Explain the method to measure the internal resistance of a cell using a potentiometer.

(N/A) To measure the internal resistance $(r)$ of a cell $(\varepsilon)$,a potentiometer circuit is set up as shown in the figure.
The primary circuit consists of a battery $(B)$,a variable resistor $(R)$,and a key $(K_1)$ connected in series with the potentiometer wire $AC$.
The cell $(\varepsilon)$ whose internal resistance $(r)$ is to be measured is connected in parallel with a resistance box $(R_{ext})$ and a key $(K_2)$. The positive terminal of the cell is connected to point $A$,and the negative terminal is connected to a galvanometer $(G)$,which is then connected to a jockey.
$1$. With key $K_2$ open,the cell $(\varepsilon)$ is in an open circuit. The null point $N_1$ is found on the wire $AC$ such that the galvanometer shows zero deflection.
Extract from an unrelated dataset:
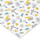 Seamless pattern featuring various construction-related elements, including cranes, tools, hard hats, gears, and warning signs, in a hand-drawn style with yellow, blue, and green, an ideal pattern for kids or those who work in this profession
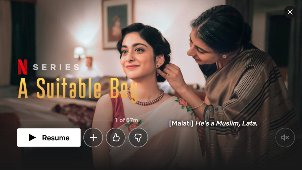En parcourant Netflix à la recherche d’évasion, je suis tombée sur une série dont le titre “A Suitable Boy” m’a tout de suite interpelée. A Suitable Boy, Un garçon convenable en français, est un roman écrit en 1993 par l’auteur indien Vikram Seth. Un best-seller de 1212 pages dans sa traduction française, qui met en scène les destins croisés de quatre familles (les Khans, les Chatterjis, les Mehras et les Kapoors) dans l’Inde des années 50, juste après l’Indépendance.

Let the balancing length be $AN_1 = l_1$. Since the cell is in an open circuit,the potential difference across it is equal to its $EMF$ $(\varepsilon)$.
$\varepsilon = \phi l_1$ ... $(1)$,where $\phi$ is the potential gradient along the wire.
$2$. Now,close the key $K_2$ so that a current flows through the resistance box $(R_{ext})$ and the cell. The null point $N_2$ is found on the wire $AC$. Let the balancing length be $AN_2 = l_2$. In this condition,the potential difference across the cell is equal to its terminal voltage $(V)$.
$V = \phi l_2$ ... $(2)$.
Dividing equation $(1)$ by $(2)$,we get:
$\frac{\varepsilon}{V} = \frac{l_1}{l_2}$
We know that for a cell,$\varepsilon = I(R_{ext} + r)$ and $V = IR_{ext}$,so $\frac{\varepsilon}{V} = \frac{R_{ext} + r}{R_{ext}} = 1 + \frac{r}{R_{ext}}$.
Equating the two expressions for $\frac{\varepsilon}{V}$:
$1 + \frac{r}{R_{ext}} = \frac{l_1}{l_2}$
$\frac{r}{R_{ext}} = \frac{l_1}{l_2} - 1 = \frac{l_1 - l_2}{l_2}$
$r = R_{ext} \left( \frac{l_1 - l_2}{l_2} \right)$